Answer
(a) opens up.
(b) vertex $(2,-8)$.
(c) $x=2$.
(d) x-intercepts $x=\frac{6\pm2\sqrt {6}}{3}$, y-intercept $f(0)=4$.
(e) See graph.
(f) domain $(-\infty,\infty)$ range $[-8,\infty)$
(g) decreasing $(-\infty,2)$, increasing $(2,\infty)$.
Work Step by Step
(a) From the given function $f(x)=3x^2-12x+4$ with $a=3\gt0$, we can determine the graph opens up.
(b) $f(x)=3x^2-12x+4=3(x^2-4x+4)-8=3(x-2)^2-8$ and we can determine the vertex $(2,-8)$.
(c) We can determine the axis of symmetry $x=2$.

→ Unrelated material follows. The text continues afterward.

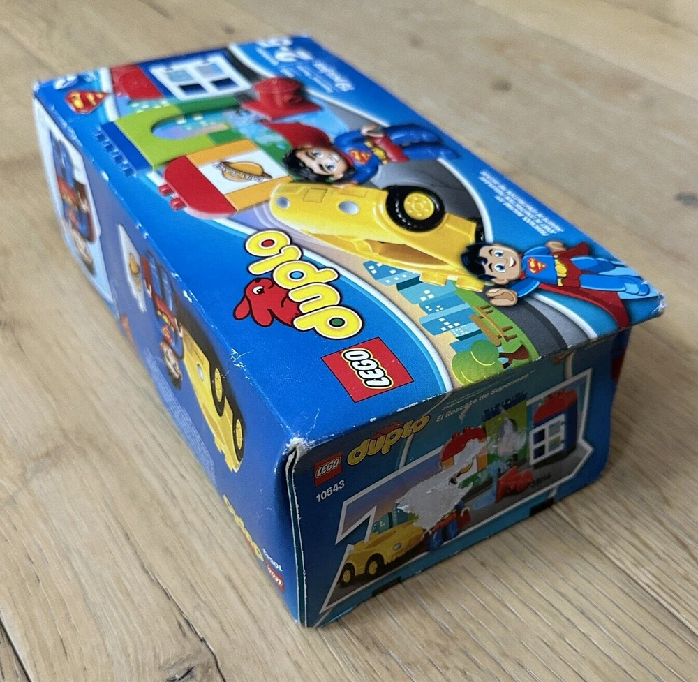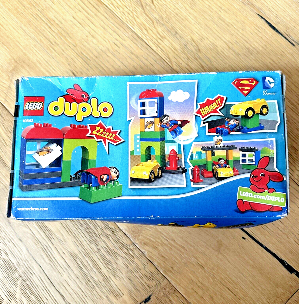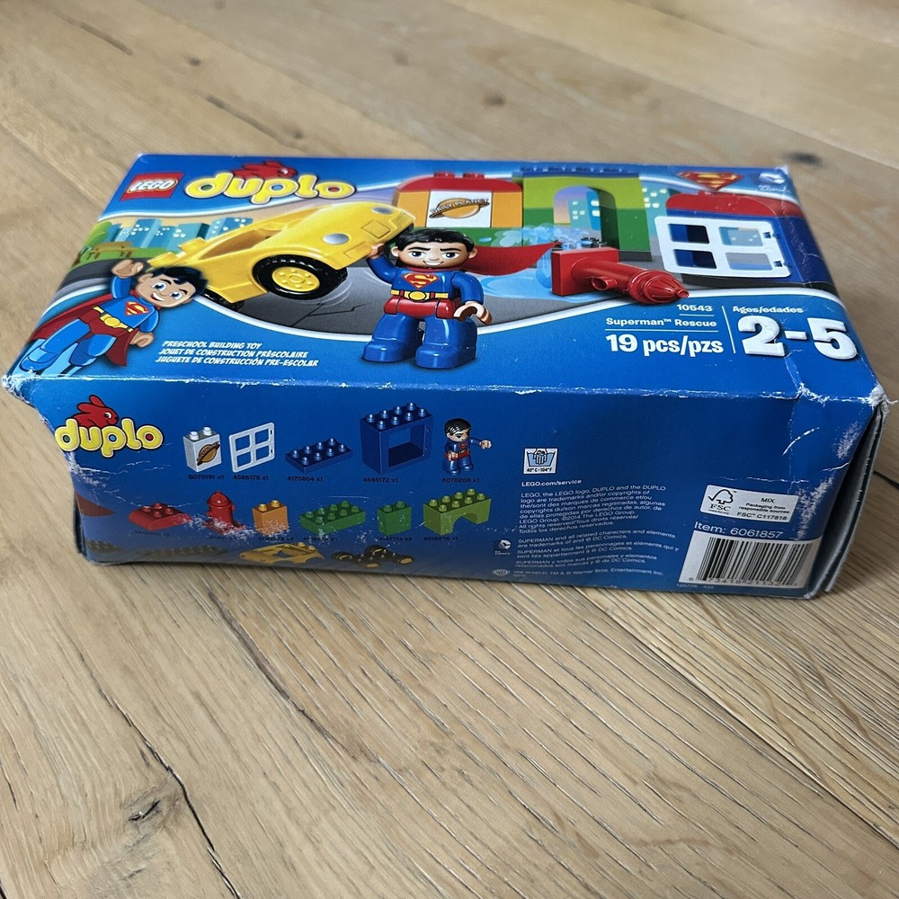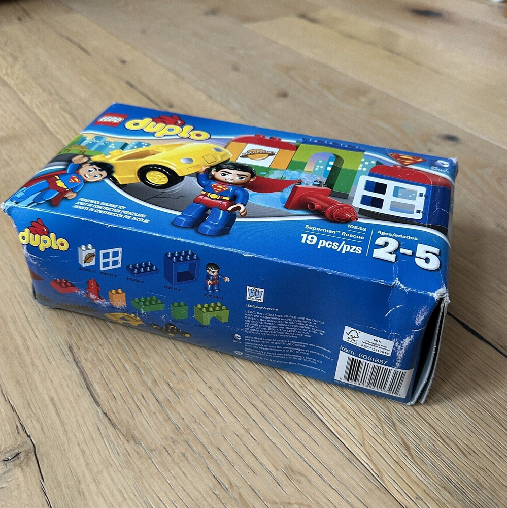 Lego Duplo 10543 DC Comics Superman Rescue NEW Still Factory Sealed 19pcs Includes Superman Figure, Daily Planet Newspaper logo block, car, fire hydrant and more! For ages 2-5 yrs New in original sealed box (see photos). Box shows lots of shelfwear with scuffs, dents or creases. You can see the original factory tape on both ends of the box, never opened. Great retired set to add to your toddler's superhero collection!

(d) $3x^2-12x+4=0\Longrightarrow x=\frac{12\pm\sqrt {12^2-4(3)(4)}}{2(3)}=\frac{6\pm2\sqrt {6}}{3}$ and we can determine the x-intercepts $x=\frac{6\pm2\sqrt {6}}{3}$, y-intercept $f(0)=4$.
(e) See graph.
(f) Based on the graph, we can determine the domain $(-\infty,\infty)$ range $[-8,\infty)$
(g) Based on the graph, we can determine the function is decreasing $(-\infty,2)$, increasing $(2,\infty)$.